Taxable Fixed Income Markets Update: May 2026

Douglas Gimple

Markets in May remained focused on geopolitical developments, evolving economic conditions and leadership changes at the Federal Reserve. Investors balanced signs of labor market resilience against mixed economic data while closely monitoring central bank independence and governance issues, which continued to influence sentiment and policy expectations.

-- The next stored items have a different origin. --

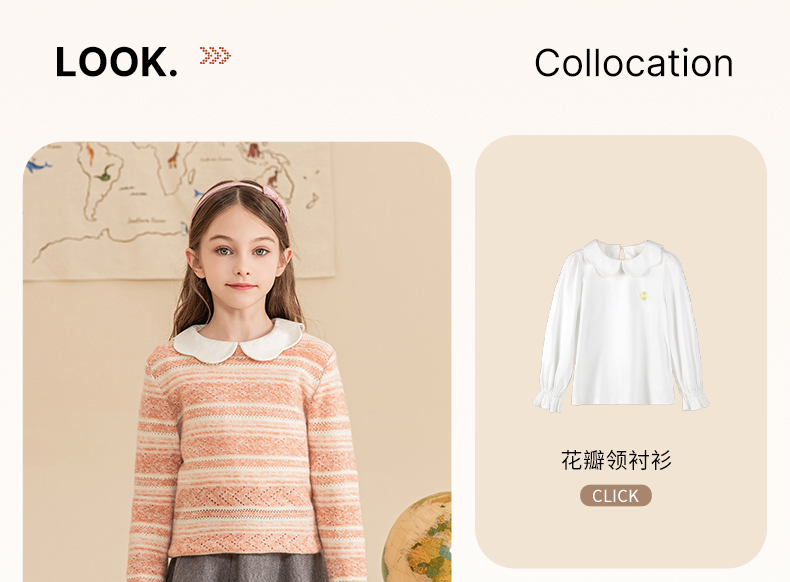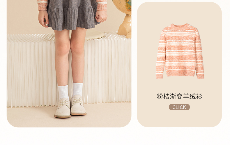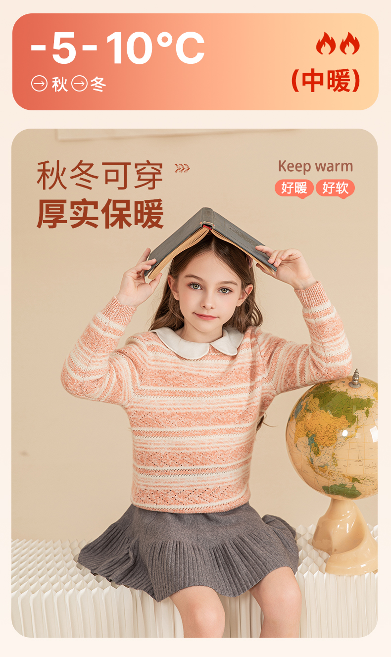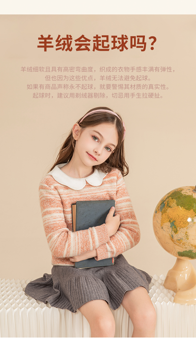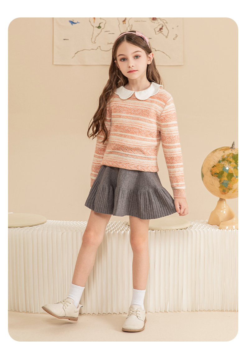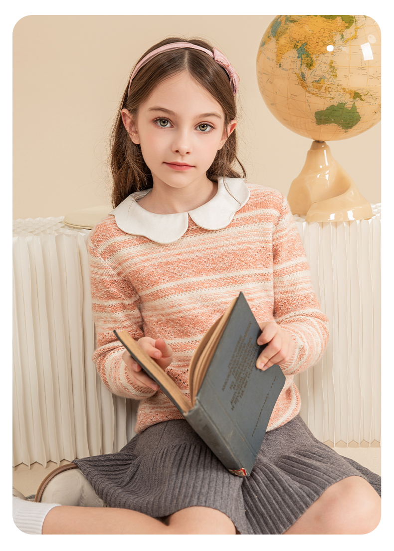 mettekids女童羊绒衫2023秋冬新款休闲条纹毛衣儿童打底针织衫
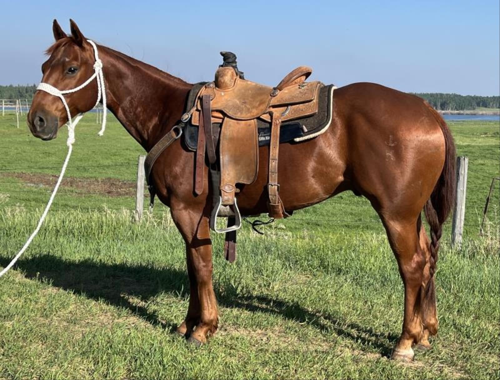 SID is an eight year old grade, sorrel gelding with a good foundation on the heel side, and has been hauled around to jackpots. He is started in the breakaway and has tied down a few calves as well. SID stands 14.3 HH and is a thick solid build, and we’ll put together. SID has been used sorting and doctoring cattle in the pasture and on the farm, as well as drug calves to the fire. SID has seen the miles in and out of the arena, he is very athletic and ready to go in any direction you might be looking to go. Reach out if you like more information or have questions about the directions he could go.
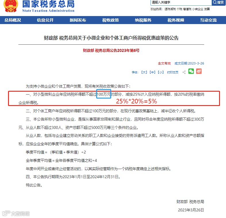 3月24日明确说明了小微企业100万以内的优惠政策会延续,但是没有说最终具体的税率是多少,就在3月27日财政部、税政司、国家税务总局发布了:财政部 税务总局公告2023年第6号,明确了小微企业100万以内的具体税率是5%。

Corporate credit. Investment grade corporate markets continue to rebound from one of the worst months in recent history (March’s loss of 1.98%) with another solid month in May (0.76%). Corporate spreads continued to tighten during May, reversing the widening seen earlier in the year amid geopolitical uncertainty and ending the month at 72 basis points. Despite tighter spreads, the yield-to-worst for the Bloomberg US Corporate Investment Grade Index remained attractive at 5.13%. Investor demand for yield stayed strong, supporting $163 billion of issuance in May and helping year-to-date issuance reach a record $993 billion, up 25% year over year.1,2

Securitized credit. The spread on the Bloomberg US Securitized Index was essentially flat during May, in contrast with the tightening trend seen across other risk sectors. Even so, spread levels remain near historically tight ranges, reflecting continued investor support for the asset class. The sector returned 0.29% during the month, outperforming Treasuries but trailing investment grade corporates. Securitized assets have generated positive returns during all but one month since August 2025, producing a cumulative return of 5.29%.1

Treasury and rates. Treasury yields were volatile throughout May as markets responded to developments surrounding the Middle East ceasefire and shifting economic data. The labor market showed continued improvement, marking three consecutive months of payroll growth above 100,000 and contributing to higher rates as expectations for a potential year-end rate hike increased.3 Inflation data released on May 12 cast a shadow on interest rate markets, with Treasury yields climbing across the curve on fears that inflation will remain more persistent. After trading between 4.35% and 4.67% during the month, the 10-year Treasury yield declined over the final seven trading days and ended May at 4.45%.1

Higher for Longer Starting to Take Shape as Market Pivots to Fed Hike by Year End

Implied Number of 25 Basis Point Rate Hikes by Federal Reserve Through December 2026

Exhibit 1

Source: Bloomberg; data as of May 29, 2026.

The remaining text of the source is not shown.